An effective integration of structural biology and functional genomics approaches would provide comprehensive insights into YPA_4078 function:

• Structure-guided functional genomics:

  • Use computational structural predictions to guide targeted mutagenesis

  • Design mutations specifically targeting predicted functional domains or interfaces

  • Apply CRISPR-based genome editing for precise chromosomal modifications in Y. pestis

• Multi-scale structural analysis:

  • Combine high-resolution structural techniques (X-ray, cryo-EM) with lower-resolution methods (SAXS, FRET)

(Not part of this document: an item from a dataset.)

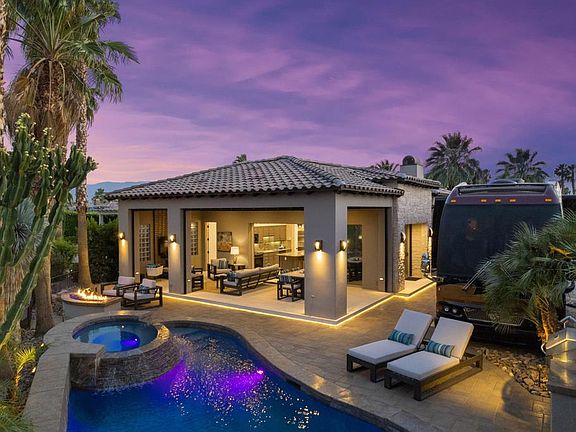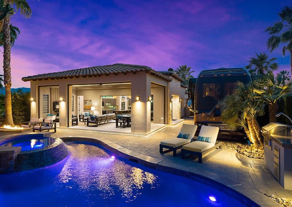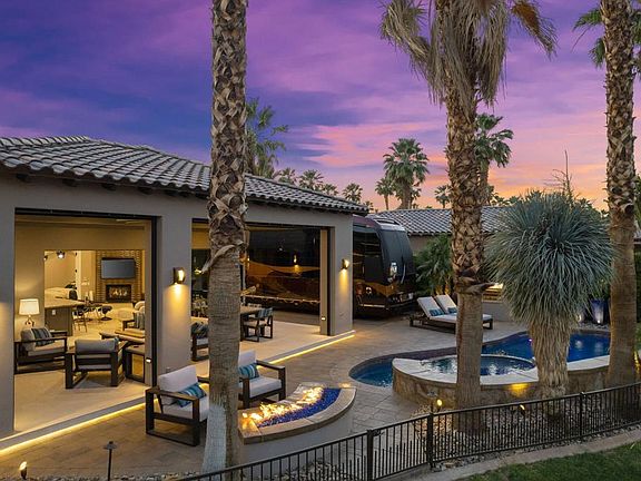 #106 Desert Shores Motorcoach Resort:Luxury RV Resort Lot at Desert Shores Resort.One of the most spectacular motorcoach properties you will ever find!Totally reimagined Exterior Elevation and Additions completed in 2021.The most lavish Outdoor Living Space you will find with:15' x 32' Solid-Covered PatioVoluminous 11' CeilingsRaised Patio Floor matches interior floor height for seamless floor from indoor to outdoor living spaces.Full Bathroom for dinner guests and easy access from swimming pool.Patio includes both Electric Sunshades + Security Shutters which enclose the entire outdoor living patio keeps the patio safe and clean. (Security Shutters are included on all windows and sliders throughout the property)Built-In Space Heaters + Misting System.Cantilevered Patio Floor with underlighting.Beautiful Paverstone driveway and patio spaces and Epoxy Coach Pad.Freeform Pool with Quartize Spa with new Pebble Finish offers Raised Bond Beam at back of pool for privacy + LED Lighting and Pentair Remote Control System.Blue-Glass Fire Pit.BBQ grill area with wood-pellet memphis Smoker/Grill.Entry Gate for Privacy.Raised Santa Barbara Smooth Stucco exterior with Eldorado Stone Trim.Newer Landscaping and Ground Lighting.Raised RV HookUp Pedestal.Wrought-Iron Fencing to keep your Doggies secure.INTERIOR FEATURESRecent and Beautiful Remodeled Interior.Great Room/Kitchen opens to spectacular outdoor living spaces.Upgraded Granite Slab Counters.

  • Integrate dynamic information from molecular dynamics simulations

  • Correlate structural features with expression patterns across different growth conditions

• Interactome mapping:

  • Apply proximity labeling techniques (BioID, APEX) adapted for membrane proteins

  • Identify interaction partners under different conditions mimicking host environments

  • Validate key interactions with structural studies of protein complexes

• Systems biology integration:

  • Correlate YPA_4078 structural changes with global transcriptomic and proteomic responses

  • Model the protein's role within membrane-associated protein networks

  • Connect molecular function to cellular phenotypes using computational models

• Evolutionary structure-function analysis:

  • Compare sequence conservation patterns across Y. pestis biovars in context of structural domains

  • Identify co-evolving residues that might indicate functional interactions

  • Relate structural features to the evolutionary history of Y. pestis from Y. pseudotuberculosis

This integrated approach would build a comprehensive understanding of YPA_4078 from molecular mechanisms to its role in the complex biology and pathogenesis of Y. pestis.